Sunday, February 20, 2011

Siva Vaidhyanathan on Googlization of Everything

Siva Vaidhyanathan, cultural historian and media scholar, will present the lecture “The Googlization of Everything” — based on his forthcoming University of California Press book The Googlization of Everything (And Why We Should Worry) on Feb. 24 at 4:30 p.m. in Cushing 001.

On 16 February, 2011 Steve Kolowich published an article, "Google's Gadfly" on Siva Vaidhyanathan and his views on Google in Inside Higher Education.

. . . .The Virginia professor, who is not afraid to confess his affection for the ease and usefulness of Google, nevertheless distrusts the company’s basic motivations as it vies for our intellectual inheritance. “Google has fostered a more seamless, democratized, global, cosmopolitan information ecosystem,” he writes. “Yet it has simultaneously contributed to the steady commercialization of higher education and the erosion of standards of information quality.”

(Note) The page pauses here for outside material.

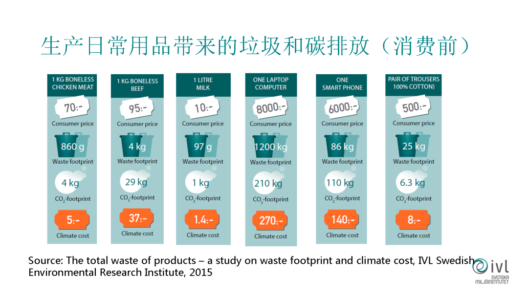 這個(gè)圖片想跟大家分享我們的一個(gè)研究報(bào)告,這是我們之前對(duì)我們?nèi)粘I钪兴褂玫囊恍┊a(chǎn)品的垃圾排放和碳排放的一些研究,我們選擇了一些代表性的日常消費(fèi)品。比如我們吃的肉還有牛奶、電腦、手機(jī)等等,我們舉一個(gè)例子來(lái)說(shuō),比如說(shuō)我們?cè)谫I一部手機(jī)之前,它所產(chǎn)生的垃圾,在它生產(chǎn)和加工之前的垃圾就已經(jīng)有86公斤。這個(gè)量是非常大,它所帶來(lái)的碳排放已經(jīng)是110公斤,這也是非常大的。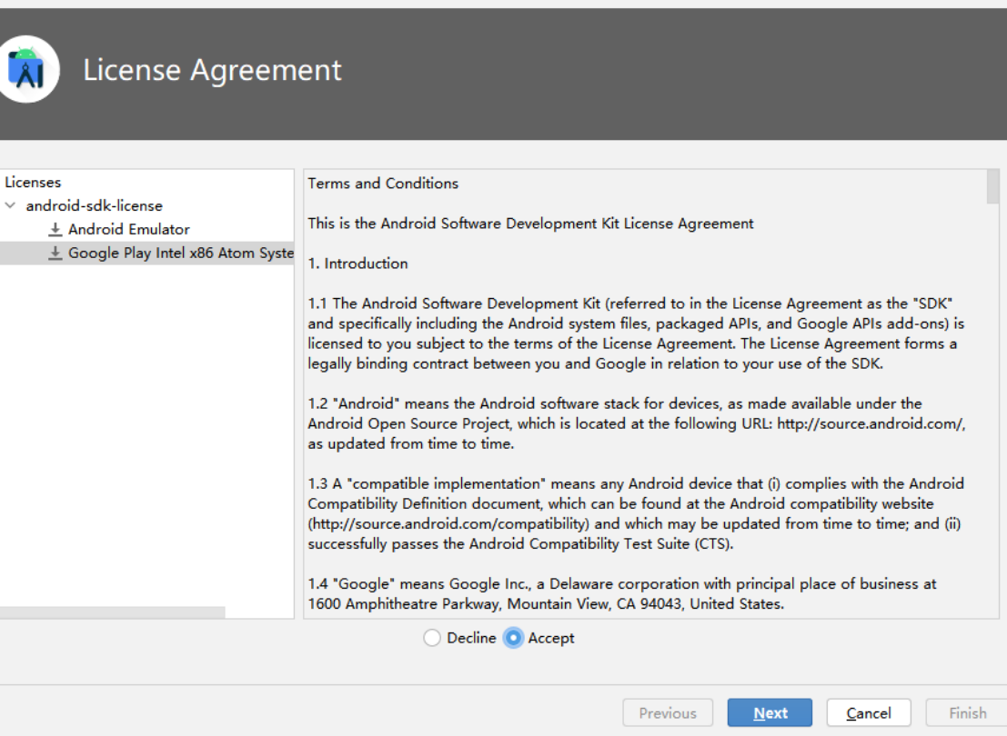 在弹出的许可协议窗口中选择"Accept"

Google does not reward our impulse to know, Vaidhyanathan argues; it exploits it by making it appear as though knowing is easy. “The ways that Google structures, judges, and delivers knowledge to us exacerbate our worst tendencies to jump to erroneous conclusions and act on them in ways that cause harm,” the professor writes. Meanwhile the company keeps collecting, on behalf of its advertisers, the wealth of personal information that we feed it in exchange for this flattery, then pats its own back all the way to the bank.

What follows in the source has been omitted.